Of course, now that you need to plan a website around Hummingbird you'll not only need a responsive website, but a website that is genuinely intelligent about how it responds.

Imagine that you are using your smartphone to search Google and you see a product listed in the search results. Tapping on that result should bring you to the specific product page, but many responsive websites will redirect users to the home page of the mobile version of the site. From Google's point of view, they want your website to correctly redirect the user to the exact same page, but with mobile usability.

In this Nugget so far I've been very careful to refer to "responsive websites" rather than "responsive design." A "responsive design" is one that will reformat itself on the fly depending on the user's screen size, but the same information is sent down to the user's device. This is what most website programmers are pushing today.

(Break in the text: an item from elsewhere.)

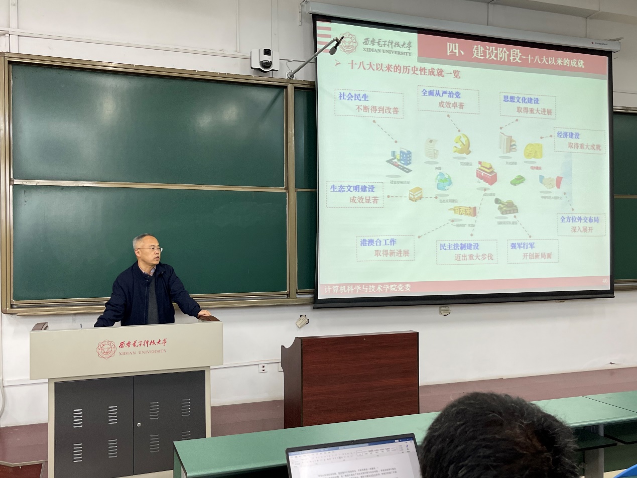 (通讯员 同榛)为坚定老员工入党积极分子理想信念,做好老员工入党动机教育,进一步落实双院育人要求,11月11日下午,计算机科学与技术公司党委书记李青山教授在南校区B楼433教室为海棠二号书院入党积极分子讲党课,另外2个分会场的入党积极分子同步观看直播学习,共计400余名入党积极分子培训班学员参加培训。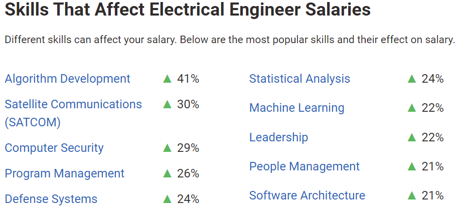 با توجه به گزارش های حقوق در سایت https://www.payscale.com ، مهارت های مختلفی بر میزان دریافتی حقوق مهندسین برق تاثیر می گذارند. همانطور که در جدول زیر مشاهده می شود مهارت هایی مانند توسعه الگوریتم، تحلیل آماری، یادگیری ماشین و معماری نرم افزار می توانند تاثیر قابل توجهی بر میزان درآمد مهندسین برق داشته باشند. مهندسین برق با فراگیری زبان برنامه نویسی پایتون و کتابخانه های تخصصی در حوزه های ذکر شده می توانند درآمد خود را به میزان قابل توجهی ارتقا دهند.

However, Google has made some very careful announcements to the programming community with regard to how they read a website. Their current position is that every page of your website should be available, and usable on any type of device. Although they recommend "responsive design" as a solution they also have published another caveat with additional instruction that will tell Google that different information is available on the same page for mobile users.

Although they do not use the phrase, what they are referring to is the concept of "responsive content" that I mentioned a few weeks ago.

Subtleties like this are the types of early hints that indicate what Google is thinking, and where they are going.

As you plan and build your new website over the next 9 months, make sure you include functionality that allows users to easily flip back and forth between devices without confusion. Also, don't simply build a new website and transfer your content, you should seriously consider your future strategy for continual content building.